Honest framing: governor is GCRA (store one timestamp, compare it) while better-bucket is a token bucket (track and refill a count, clamp to a capacity, support multi-token acquires, bursts, and introspection). GCRA does less work, so on the same monotonic clock governor is ~10–13% faster per call (~20 vs ~23 ns), and faster still out of the box because its default quanta clock beats the Instant clock better-bucket reads through clock-lib.

better-bucket is the fastest, safest token bucket in its class — lock-free and allocation-free where leaky-bucket uses a background task and hand-rolled buckets use a Mutex, with a loom-proven no-over-grant contract and real token semantics. Reach for governor when a bare allow/deny decision is all you need; reach for better-bucket when you want an actual token bucket. Either way the end-to-end cost is bounded by the clock. Full numbers, method, and the honest analysis are in docs/BENCHMARKS.md.
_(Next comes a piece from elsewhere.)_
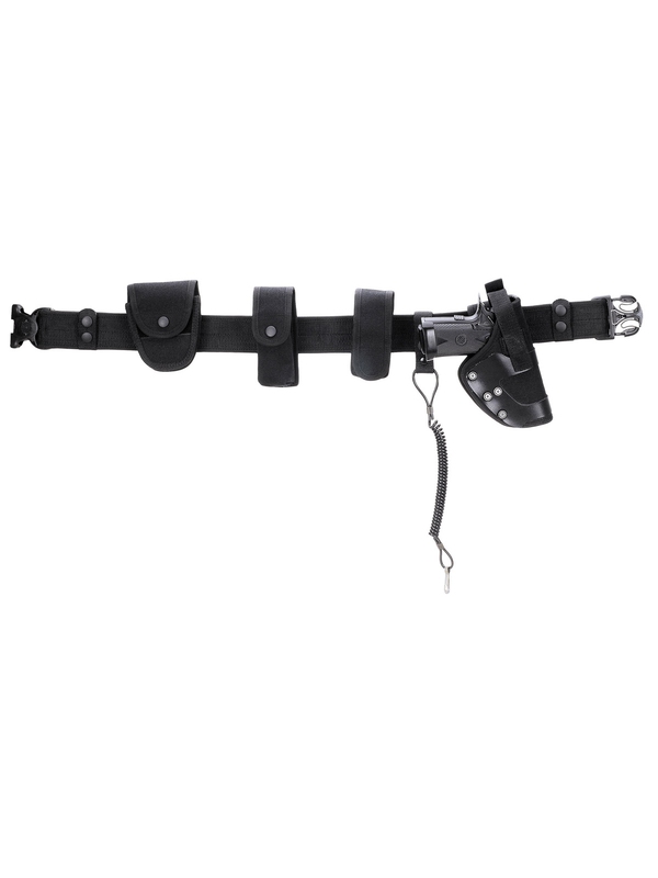 Čierny opasok "Security", osemdielny. Opasok sa hodí pre bezpečnostné služby, je možné nosiť samostatne alebo v kombinácii s taktickú vestu. Hmotnosť: 700 g Materiál: 100% Nylon 1000 D. Opasok má dve spony, púzdro na putá, puzdro pre zásobník, púzdro pre obranný sprej, univerzálny pištoľové púzdro a bezpečnostné lanko proti strate pištole.
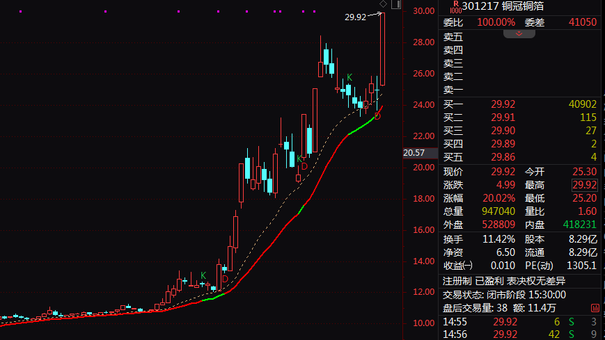 金属概念股也全线走强,工业金属、稀有金属、稀土永磁、金属新材料等细分板块集体强势上攻,铜冠铜箔临近收盘快速拉升至20%涨停,金田股份、丽岛新材、华峰铝业、华钰矿业等纷纷强势涨停。

cargo bench --bench bucket_bench            # better-bucket baselines
cargo bench --features comparison           # + the governor comparison

Feature Flags

Feature	Default	Description
`std`	✅	Standard library. Off → `no_std`.
`clock`	✅	Pluggable `clock-lib` time source: monotonic clock + mockable clock for tests. Implies `std` (clock-lib's `Clock` is std-gated).
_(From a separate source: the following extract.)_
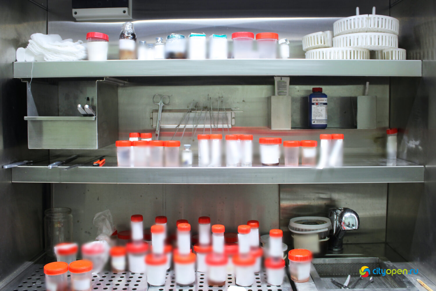 В отдельном помещении расположен, так называемый, «влажный» архив. Здесь фрагменты тканей, органов и не только хранятся в формалине около года, иногда меньше или больше.
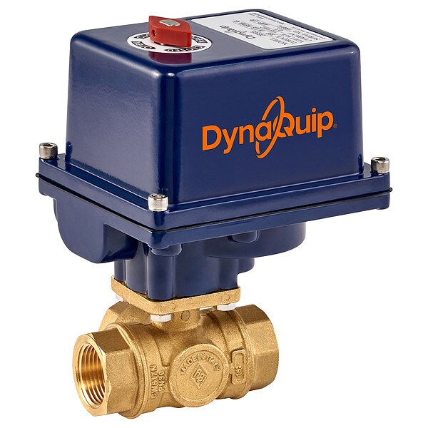 Electrically Actuated Three-Way Ball Valve, Valve Construction Two-Piece, Voltage 12V DC, 24V AC/V DC, Maximum Pressure - Operating 400 psi, Maximum Pressure - Steam 100 psi, Maximum Operating Pressure Differential 300 psi, Fail Safe Position Fail Last, Actuator Operation 90 Degrees , Actuator Cycle Time - 90 Degrees 2.5 sec, Actuator Features Heater, Position Indicator, Thermal Overload Protection, Ball Material Nickel-Chrome Plated Brass, Seal Material PTFE, FKM, Seat Material PTFE

# no_std build (no clock-lib):
better-bucket = { version = "1", default-features = false }

The lock-free accounting core uses only core atomics and is no_std-capable in principle, but the shipped Bucket constructors read time from clock-lib and therefore require the default clock feature (which implies std). A bare no_std build currently exposes only the crate's VERSION; a caller-driven, clock-free time API is a candidate for a future release.

Testing

# Unit + integration + property tests (default features = std + clock)
cargo test
cargo test --no-default-features            # no_std build

# Concurrency model checking (no over-grant under interleaving)
RUSTFLAGS="--cfg loom" cargo test --test loom_acquire

# Benchmarks (add --features comparison for the governor head-to-head)
cargo bench --bench bucket_bench

# Format, lints, docs, and the security gates (all must be clean)
cargo fmt --all -- --check
cargo clippy --all-targets -- -D warnings
RUSTDOCFLAGS="-D warnings" cargo doc --no-deps
cargo deny check
cargo audit

The comparison feature is benchmark-only — it pulls in governor for the head-to-head and is intentionally excluded from the default build and CI.

Where It Fits

better-bucket is the single-purpose home for token-bucket math in the wider library ecosystem. It is consumed by rate-net — a multi-algorithm, per-key rate limiter — which uses this crate as its token-bucket strategy rather than reimplementing the algorithm. better-bucket stays foreign-compatible: it works perfectly well on its own, with no obligation to pull in the rest of the family.

Cross-Platform Support

Tier 1 Support:

✅ Linux (x86_64, aarch64)
✅ macOS (x86_64, Apple Silicon)
✅ Windows (x86_64)

Behavior is identical across all three; the CI matrix runs every target on stable and MSRV. A commit that breaks any platform is a broken commit.

Documentation

API Reference — every public item, parameters, examples.
Design — the packed-atomic core, the fixed-point refill, the wrapping clock, and how the no-over-grant contract is defended.
Benchmarks — numbers, method, and the governor comparison.
Stability — the frozen 1.x surface and the SemVer contract.
CHANGELOG — per-release detail.

Standards

REPS (Rust Efficiency & Performance Standards). See REPS.md.
MSRV: Rust 1.85.
Edition: 2024.

Contributing

Contributions are welcome.

Before opening a PR, make sure everything is clean, and that any change touching the acquire path is accompanied by a benchmark and a loom test (where it affects concurrency).

# Format + lints
cargo fmt
cargo clippy --all-targets --all-features -- -D warnings

# Run tests
cargo test --all-features